___ SUPPLIED MATERIAL ___

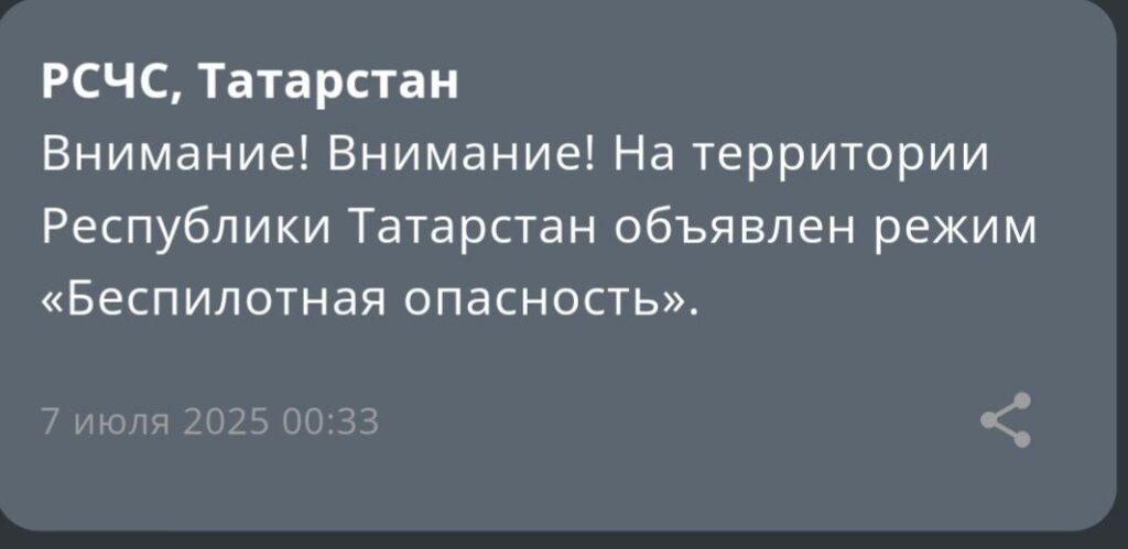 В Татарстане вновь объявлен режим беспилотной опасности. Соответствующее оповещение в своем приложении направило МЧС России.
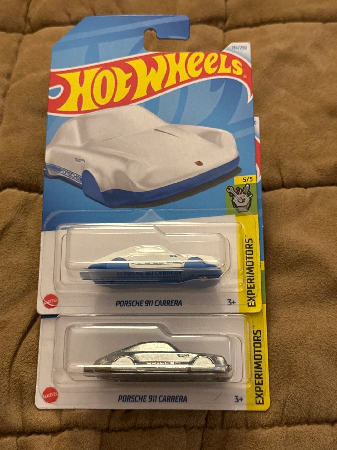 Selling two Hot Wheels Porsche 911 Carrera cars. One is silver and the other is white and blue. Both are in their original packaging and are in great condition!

___
___ SUPPLIED MATERIAL ___

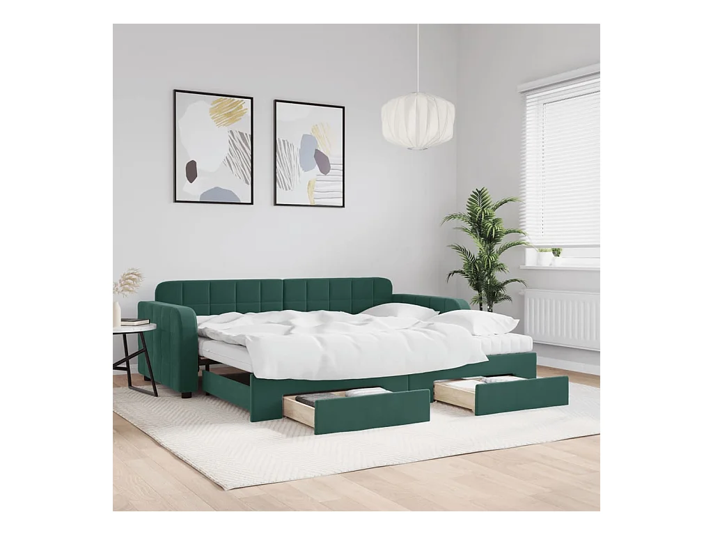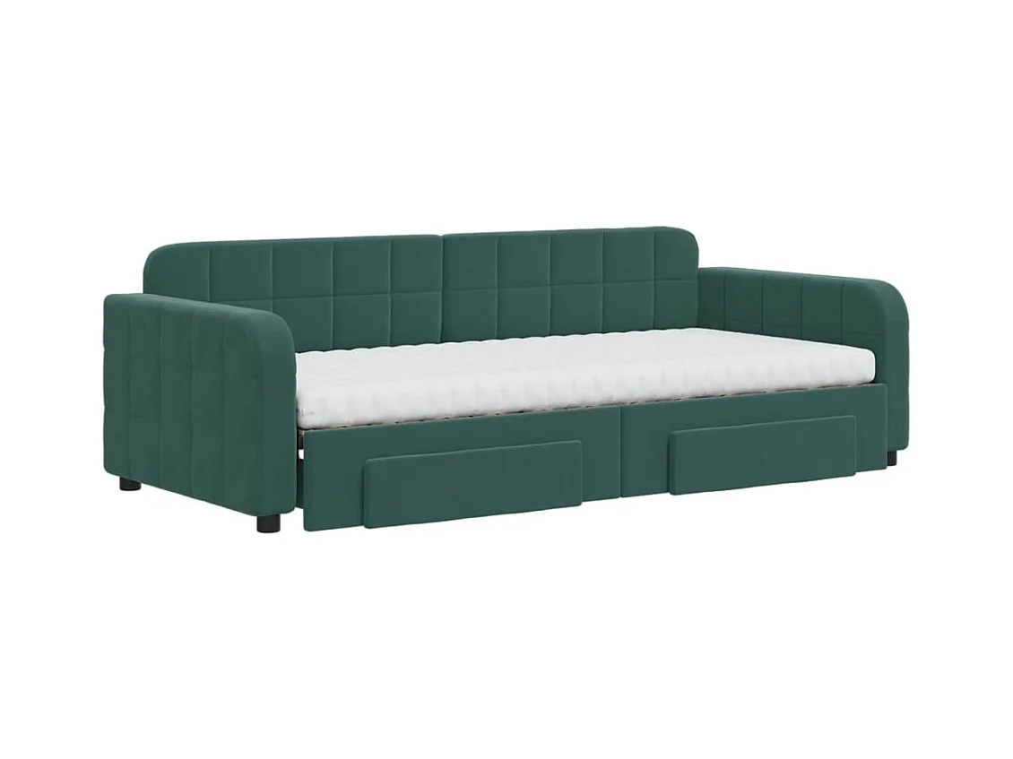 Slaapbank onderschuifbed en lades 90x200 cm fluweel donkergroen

___

To complete this exercise, transcribe exactly the lines above from the one that holds "В Татарстане вновь" through the one that holds "Selling two Hot". Pictures stay out.

 В Татарстане вновь объявлен режим беспилотной опасности. Соответствующее оповещение в своем приложении направило МЧС России.
 Selling two Hot Wheels Porsche 911 Carrera cars. One is silver and the other is white and blue. Both are in their original packaging and are in great condition!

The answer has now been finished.